You really do need a custom high speed connection to pull it off.
And what I'm wondering is if they can use GDDR5 protocol to link two GPUs... GDDR5 appears to have symmetric training (i.e. both ends can train their interfaces) which I imagine is a crucial feature when linking two "equal" chips.

Jawed
 
What about what they did with the Xenos core? Not similar at all?

Also, what prevents AMD from making communication a fast serial interface(less pins)?
 
And what I'm wondering is if they can use GDDR5 protocol to link two GPUs... GDDR5 appears to have symmetric training (i.e. both ends can train their interfaces) which I imagine is a crucial feature when linking two "equal" chips.

Like dual-port RAM?
 
but it looks like the 770 and the 260 will be about equal for most things.

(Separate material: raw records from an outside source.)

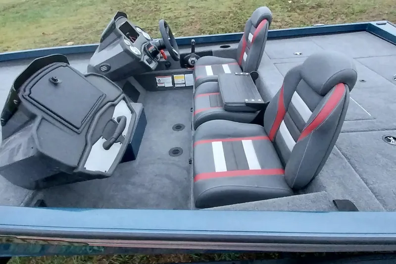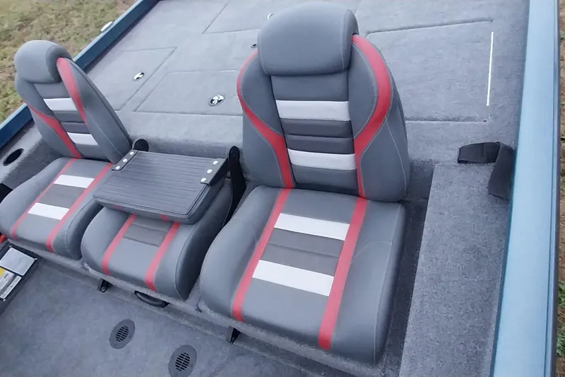 Custom fitted marine upholstery- driver/passenger bucket seating w/ center fold down & two matching fishing seats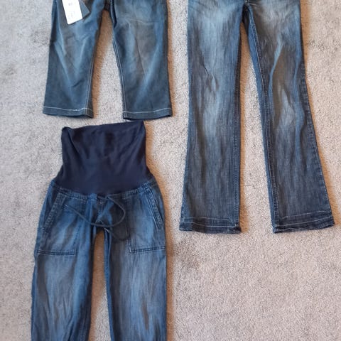Tyylikkäät äitiysfarkut. Kokoa voi säätää sivunapeista. Koko on 36, mutta tummemmat farkut ovat hieman suuremmat kuin toiset. Käytin farkkuja raskauden 5. kuukaudesta synnytykseen asti. Laadukkaat LCW-merkkiset tuotteet, ostettu Turkista luotettavalta brändiltä. Myyn ne todella edullisesti.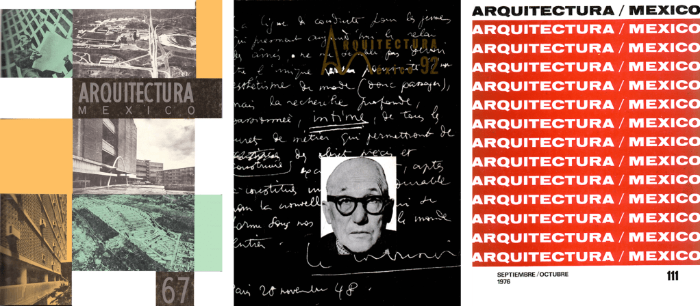 Arquitectura/México se convirtió en receptáculo de artículos memorables como: la serie “Apuntes para un estudio” de José Villagrán García publicada en cinco entregas entre 1939 y 1942 (números 3, 4, 6, 8 y 1), donde el “padre de la arquitectura moderna en México” sentó las bases de su pensamiento teórico, que luego Enrique del Moral complementará con «Villagrán García y la evolución de nuestra arquitectura» (nº 55, septiembre 1956); la traducción de «Grottesco messicano» de Bruno Zevi (nº 62, junio 1958), publicado originalmente en el nº 2 de L’Architettura. Cronache e storia (diciembre de 1955), en el que lanza duras críticas contra la monumentalidad y barroquismo de la Ciudad Universitaria de la UNAM; o el no menos polémico titulado “El escándalo de la Ópera de Sidney” de Félix Candela (nº 98, tercer trimestre de 1967), entre otros.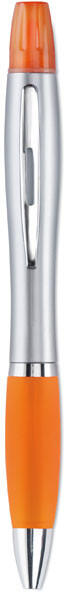 2 az 1-ben műanyag golyóstoll és szövegkiemelő ezüst szatén kivitelben, krómozott szerelvényekkel. Kéken író betéttel.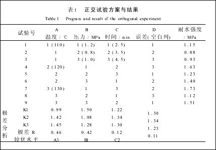 将改性淀粉胶粘剂用于生产胶合板,取热压工艺中的温度、压力、时间为考察因素,按正交设计L9(34)安排试验 试验板按国家标准GB9846 88“胶合板”中Ⅱ类耐水胶合强度的方法检测,以确定该胶的最佳热压工艺参数 正交试验方案及耐水胶合强度结果与极差分析,见表1;方差分析,见表2 压板正交试验结果表明:当热压工艺参数发生变化时,温度对淀粉胶粘剂耐水胶合强度指标影响高度显著,压力对耐水胶合强度也有显著的影响,热压工艺各因素的影响力大小依次为:温度>压力>时间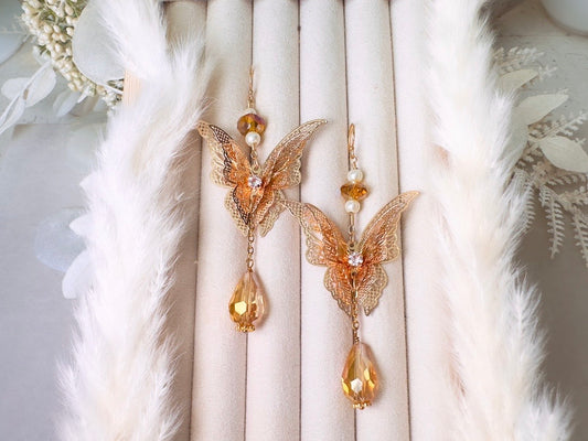 Golden Butterfly Earrings, Handmade 14kt Gold Filigree Dangle Earrings, Crystal and Pearl Celestial Faerie Earrings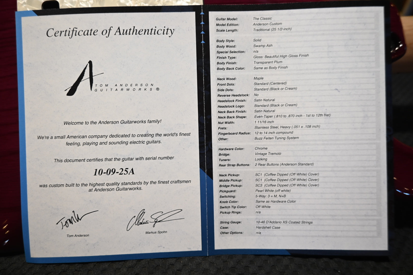 For sale is a brand new Tom Anderson Classic in the all-time great Translucent Plum finish. This guitar is just fantastic. Sounds and plays beautifully. Comes with OHSC. Danville Music is an Authorized Tom Anderson Dealer, you can buy with confidence and the instrument comes with the full Tom Anderson lifetime Warranty. We inspect and professionally set up every instrument we sell so you can buy with confidence, helping you fall in love with your new instrument. Feel free to message us with any questions!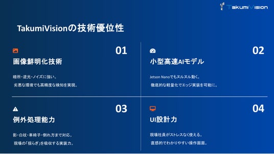 TakumiVisionの画像認識AIは、独自の軽量アルゴリズムを採用していることが特徴です。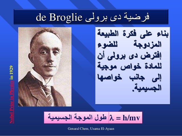 Source: image.slidesharecdn.com هذا الجزء من سلسلة فيزياء الكم يتحدث عن معادلة دي بروي للجسيمات الذرية وكيف ربط دي بروي الجسيمات مع الأمواج من خلال ربطه لعزم الجسيم الذري مع الطول الموجي.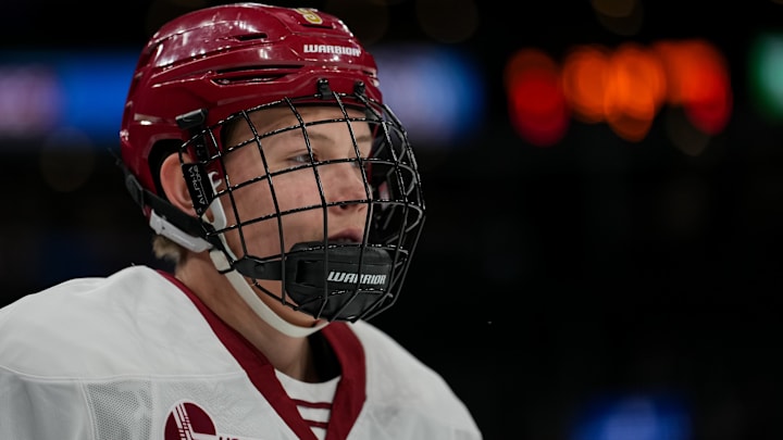 In Monday’s 5-1 Beanpot semifinals win over Harvard, he picked up two assists and was just as dangerous as any forward on the ice, further cementing his projection as a first-round pick in the 2026 NHL Draft.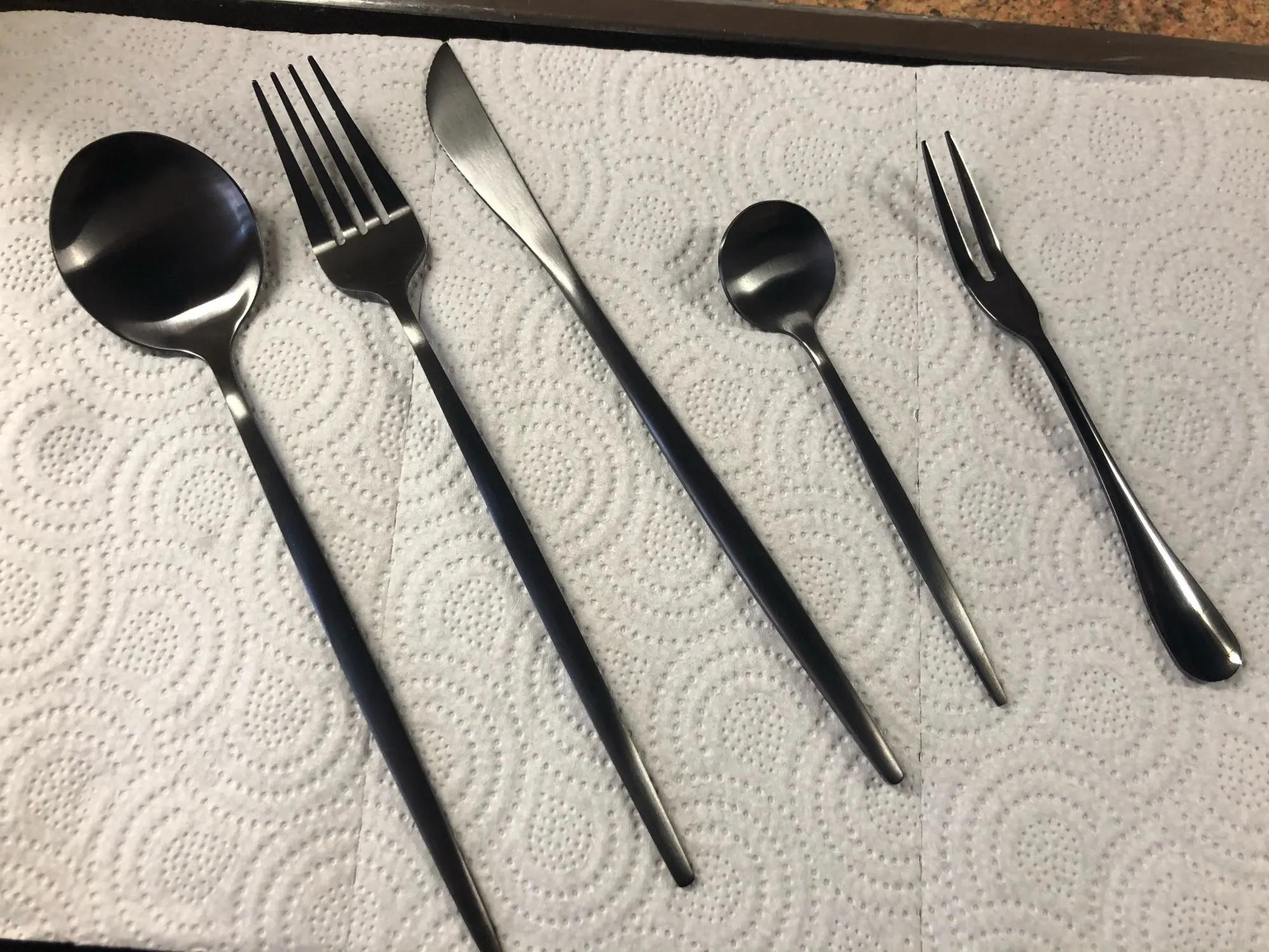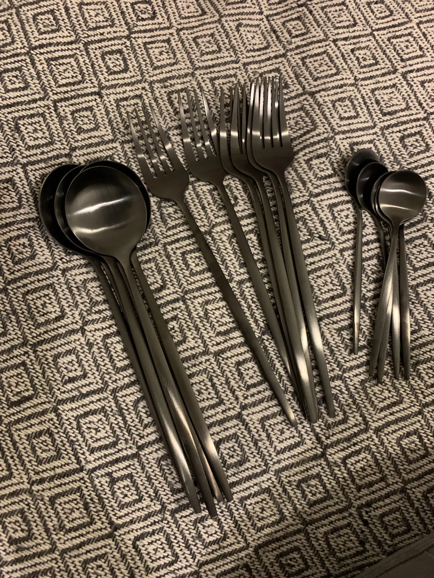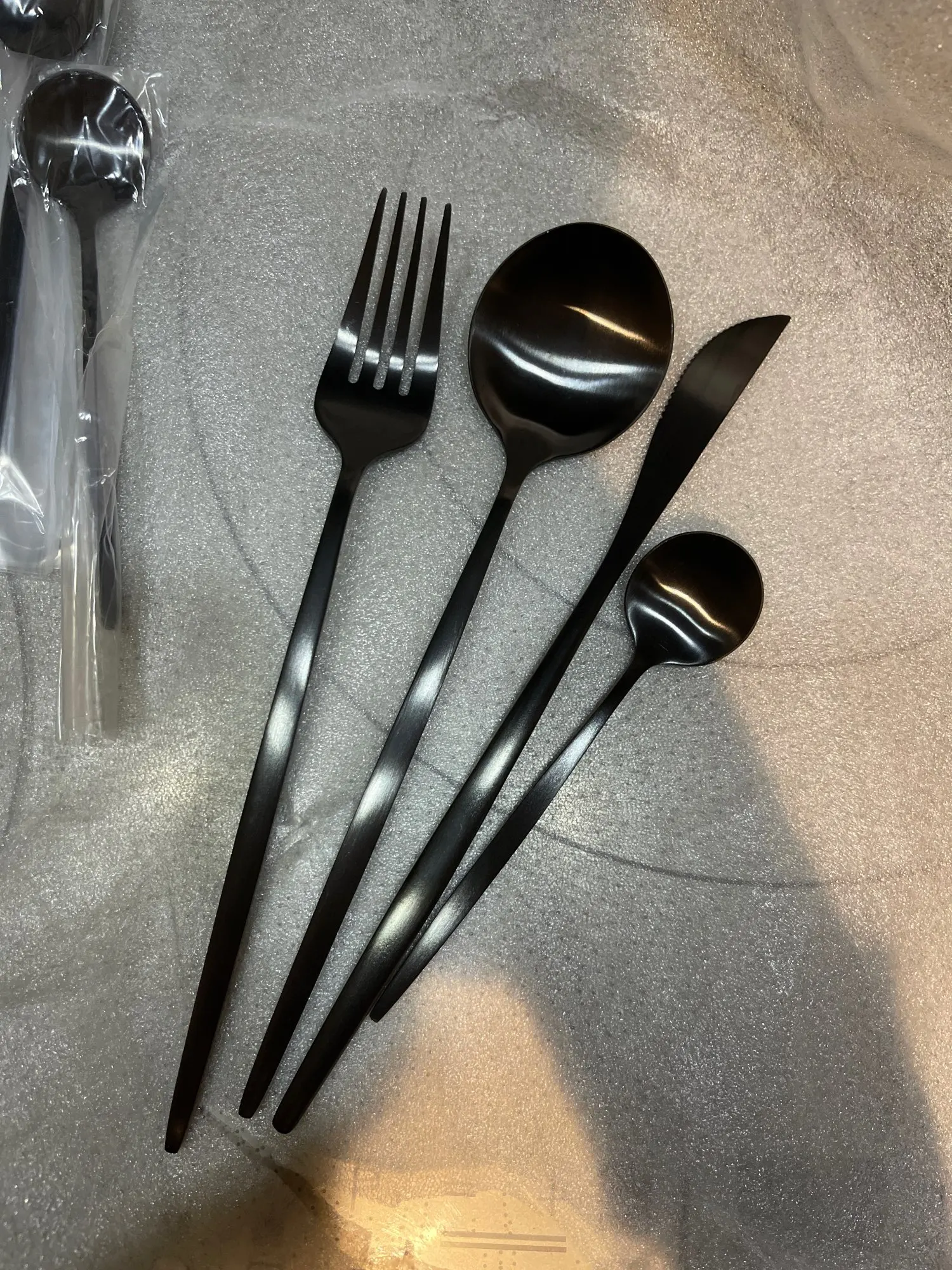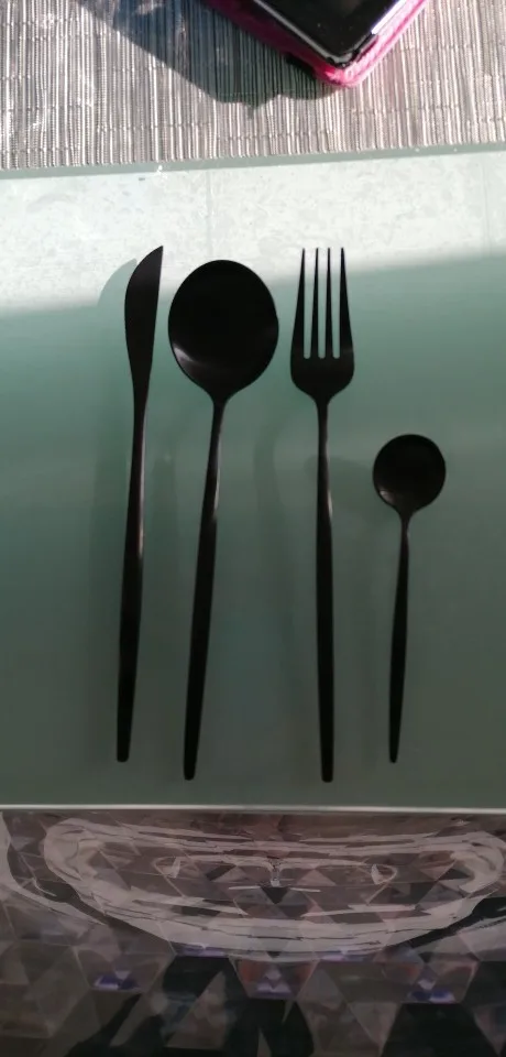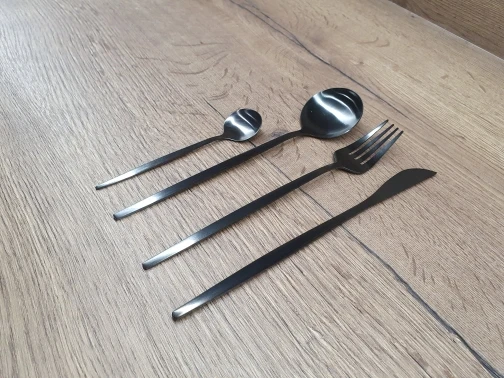 Заказ пришёл оооочень быстро, буквально 1,5 недели не больше до МО, набор потрясающий, цвет матовый чёрный, как хотела. В посудомойке не мыла, но обычное мытьё на отлично, никакого налёта нет. И, как оказалось, ложки очень удобные!
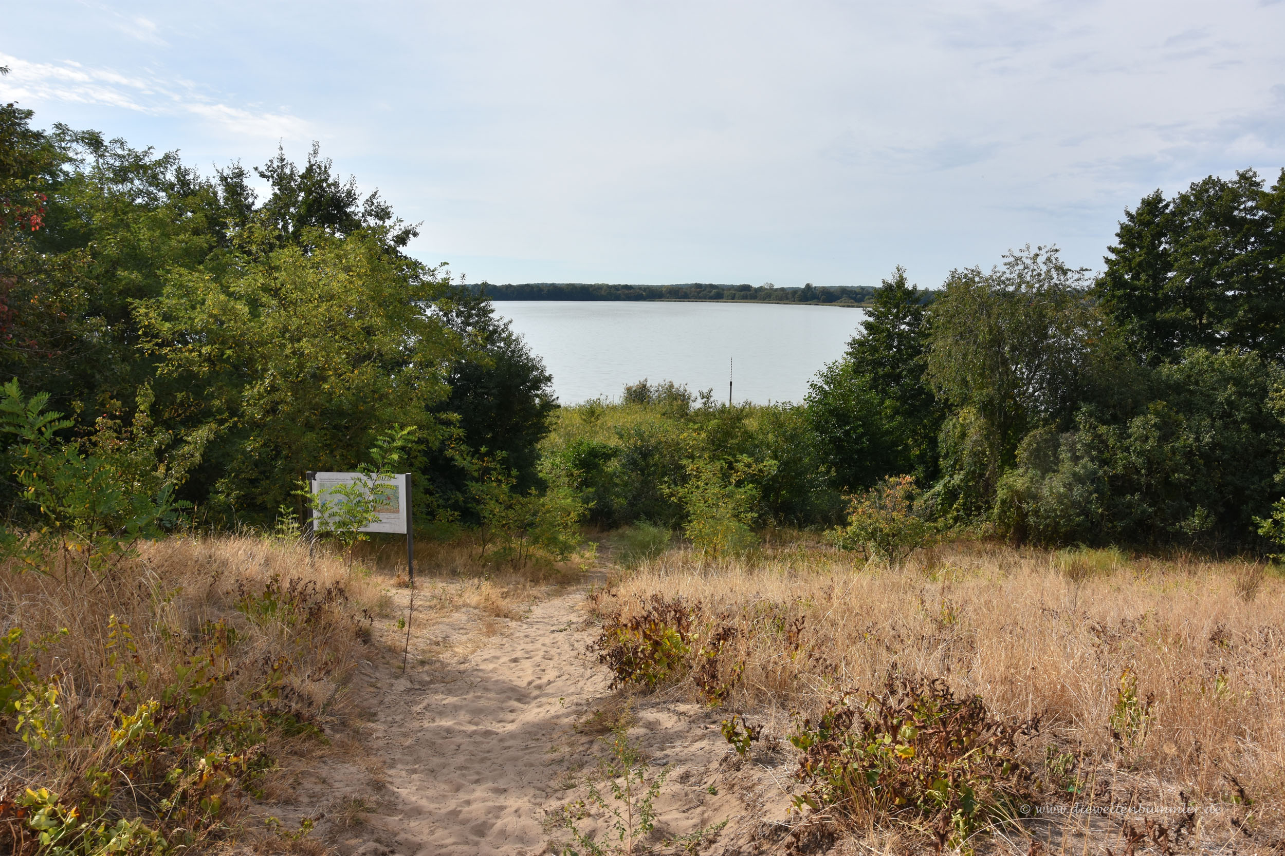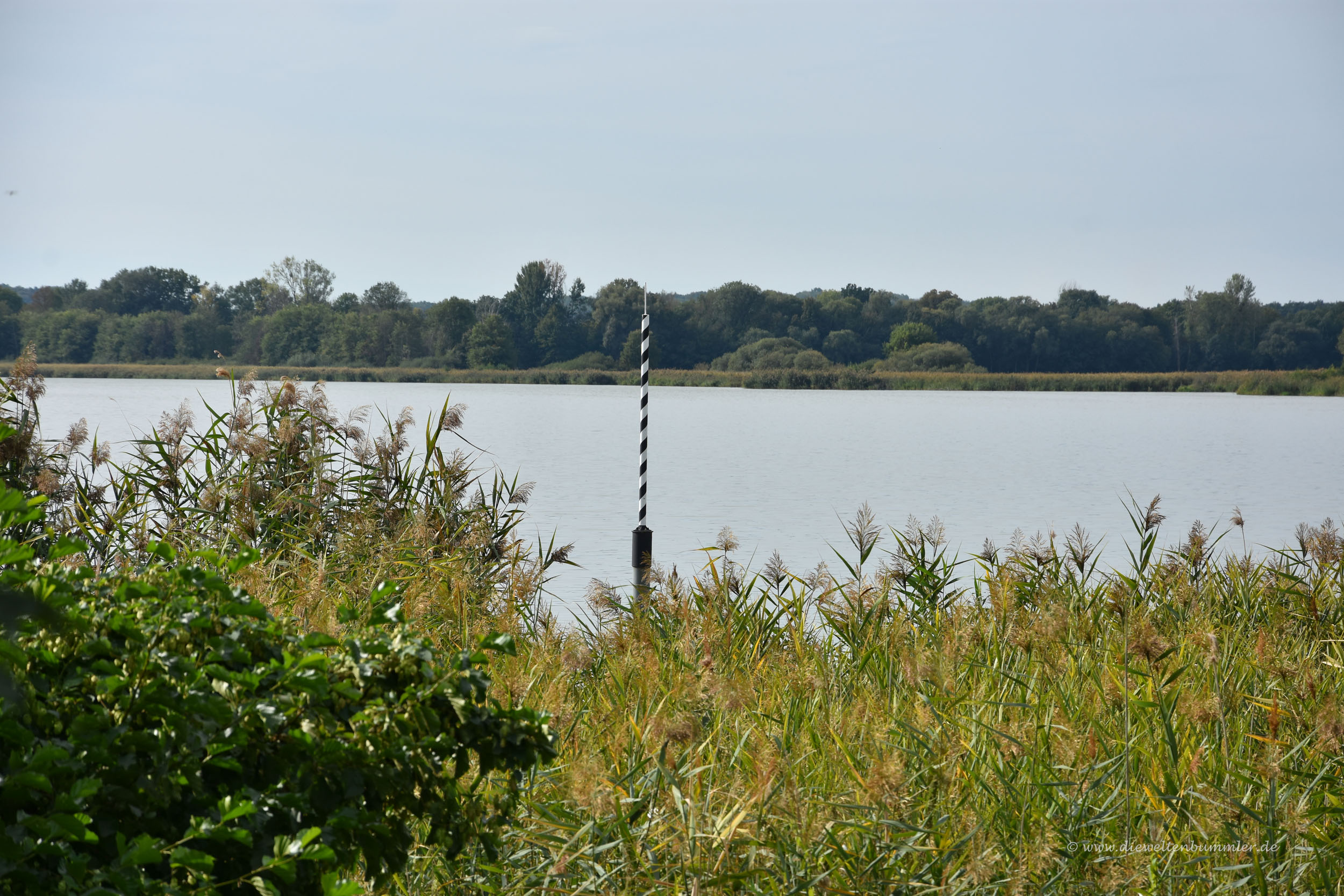 Nach dieser unschönen Begegnung gingen wir zum Ufer, spazierten am selben ein Stück weiter bis wir den geografischen Mittelpunkt von Brandenburg erreichten. Wir sammeln ja geografische Mittelpunkte und dieser ist der vorletzte der Mittelpunkte der deutschen Flächenbundesländer. Es fehlte jetzt nur noch das Saarland. Schade nur, dass wir den Mittelpunkt nicht umrunden konnten, wie wir es sonst machen. Denn der geografische Mittelpunkt von Brandenburg befindet sich mitten im Wasser. Er ist zwar nicht weit vom Ufer entfernt, aber das ist mit Schilf komplett zugewachsen, so dass man sogar nur einen erschwerten Blick zur Markierung hat.

This means that buying a GT260 board will cost about 50 per cent more than an R770 for equivalent performance.

Courtesy: Inq

Arun, you might have another passenger on the 800SP train .. :p
 
:oops: Sigh I even attempted the calculation more than once, though now I'm getting 512GB/s :???:
ARGH, I meant 4 texels per pixel not 16.
Ok, with 4 texels per pixel I agree I come up with 512GB/s too :).
I was trying to come up with the worst case texturing bandwidth. Assuming that fp16 texels aren't compressed and considering bilinear filtering with minication of at least 50% with no mipmap so that every pixel is filtered from 4 distinct texels. Anyway it was a total bust :oops:
I suspect the "real" worst case could even be worse since the granularity of a single texel fetch (i.e. the texture cache line size) could be more than 8 bytes (in fact it could be burst length * channel width?).
But anyway, I think this worst case is not relevant. You're not expected to get full performance if you don't use mipmaps...

Yeah I agree, textures would need tiling to help with load-balancing. The pathological case is possible even with a single GPU (i.e. reading all texels from just one memory channel instead of from all four, say).
Ah right forgot about that. This is probably more fine-grained though than what the tiling across chips would be? This is a slight problem here, for better balancing you'd want small tiles but for better cache efficiency you'd want large tiles.

I assume that the RBEs are assigned to screen space tiles so that they only use GPU-attached, not foreign, memory. So there should be no cross-GPU traffic relating to colour/Z/stencil operations. The only render target related cross-GPU traffic should occur when stitching-together the tiles from the constituent GPUs.
Yes, that's what I'm thinking too. RBEs not using local memory just plain doesn't make sense.
 
What about what they did with the Xenos core? Not similar at all?
Xenos is interesting because there are two apparently (or at least potentially) quite different buses there.

The Xenon<->Xenos bus is an IBM design I believe, providing 21.6GB/s.

The Xenos<->EDRAM bus is ATI's, 32GB/s.

The former has to work across the mainboard so is like other CPU<->northbridge connections I guess (since Xenos functions as XB360's northbridge).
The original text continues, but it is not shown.